- [Action item]:
Each line below should be retyped exactly, with no pictures.

- [Dataset content]:
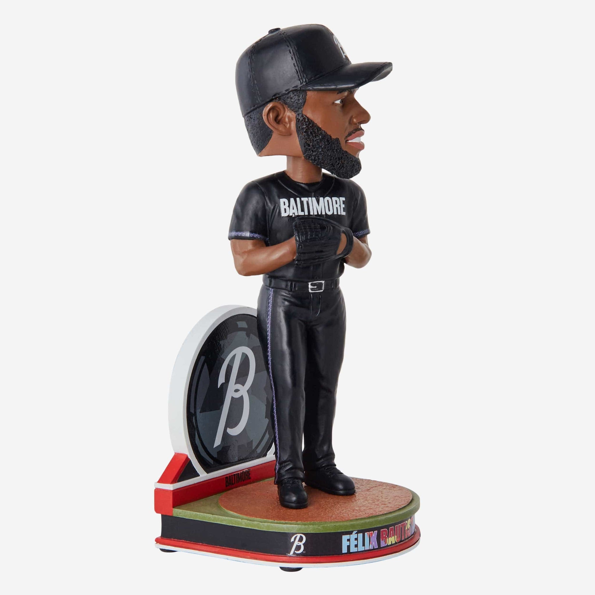- Thematic, team-colored backdrop with alternate team logo display and “BALTIMORE” text display to bring the excitement from Charm City to your collection
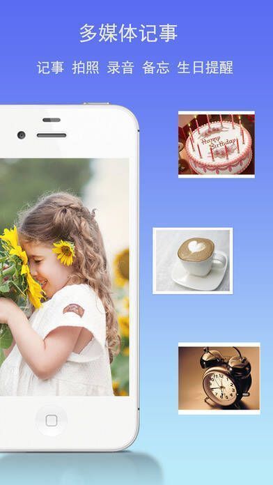 3、【高效记事】支持文字、录音、图片全方位记事,支持记事分类,如工作、生活、购物等一目了然。支持云备份,防止记事丢失。支持重要备忘标星号,自动标在月历上,清晰醒目。
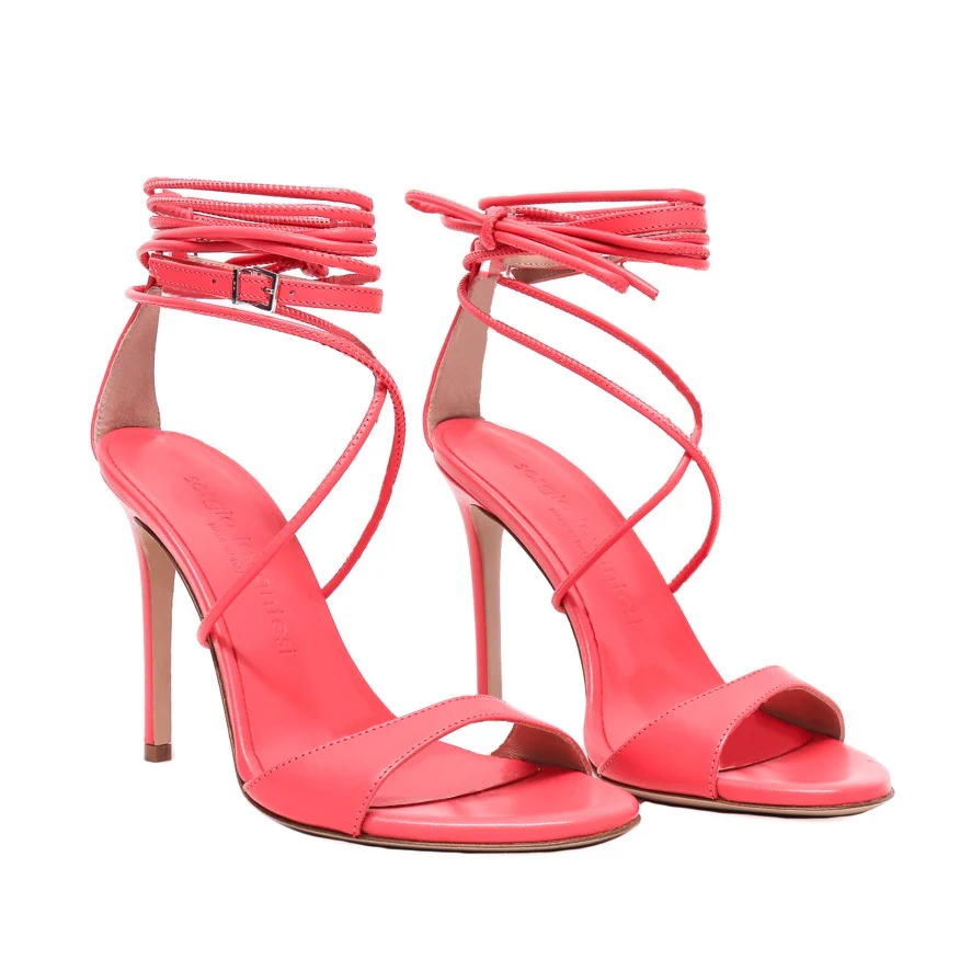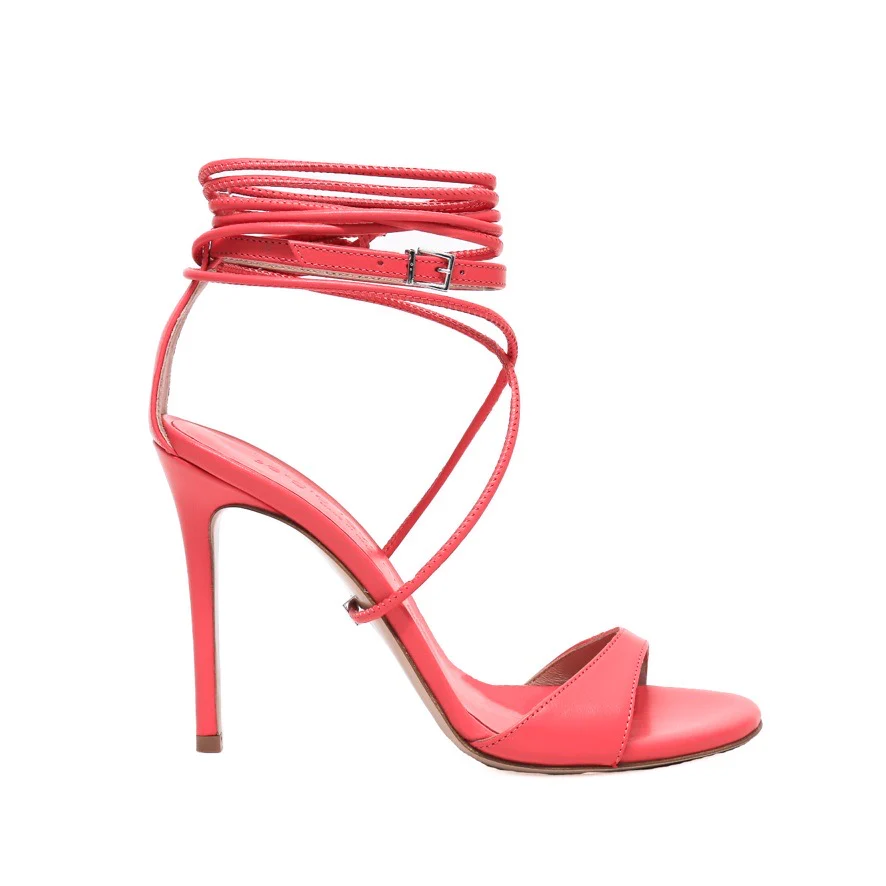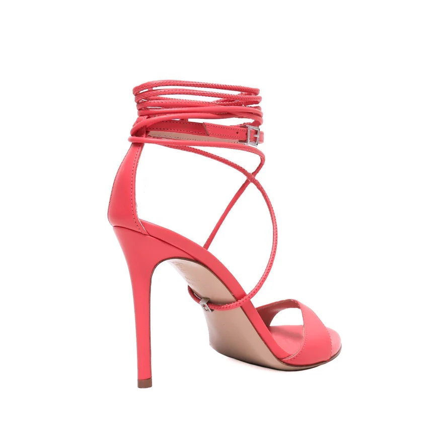 Sandalo in pelle corallo con cinturino alla caviglia e lacci.
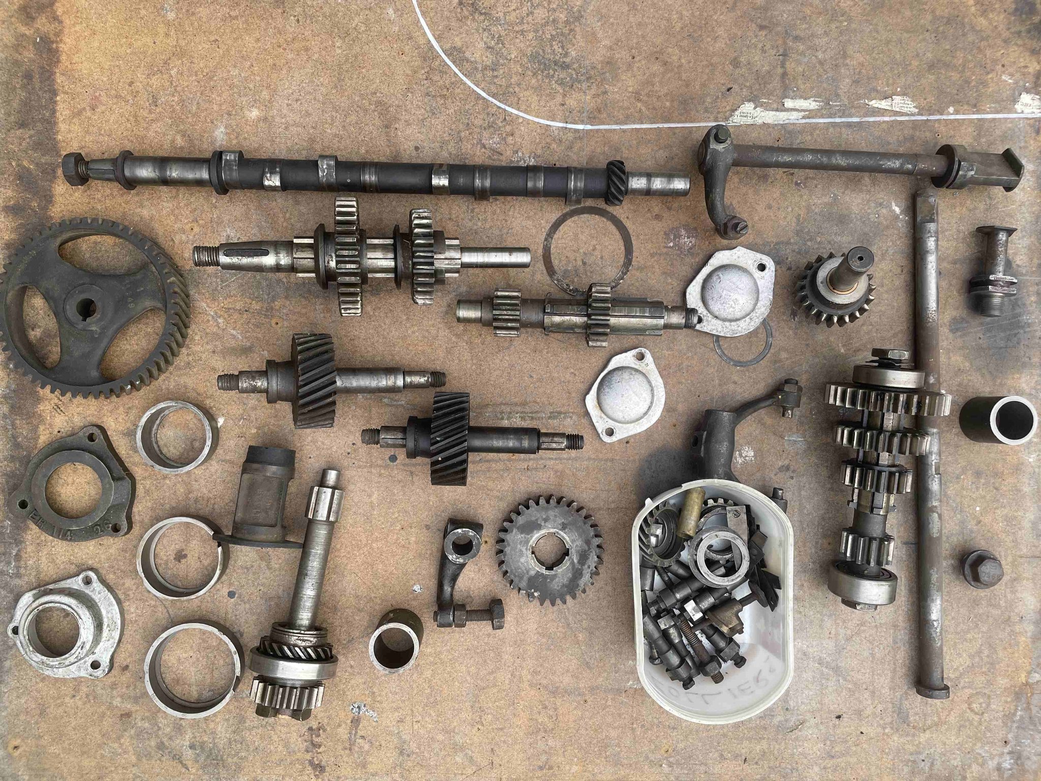Pour continuer, je vends un lot de pièces: arbre à cames, pignons de distribution, pignons et arbres de boite de vitesse, poussoirs de soupape... de B2/B12, tel que sur la photo.

- [Output for this exercise]:
- Thematic, team-colored backdrop with alternate team logo display and “BALTIMORE” text display to bring the excitement from Charm City to your collection
 3、【高效记事】支持文字、录音、图片全方位记事,支持记事分类,如工作、生活、购物等一目了然。支持云备份,防止记事丢失。支持重要备忘标星号,自动标在月历上,清晰醒目。
 Sandalo in pelle corallo con cinturino alla caviglia e lacci.
Pour continuer, je vends un lot de pièces: arbre à cames, pignons de distribution, pignons et arbres de boite de vitesse, poussoirs de soupape... de B2/B12, tel que sur la photo.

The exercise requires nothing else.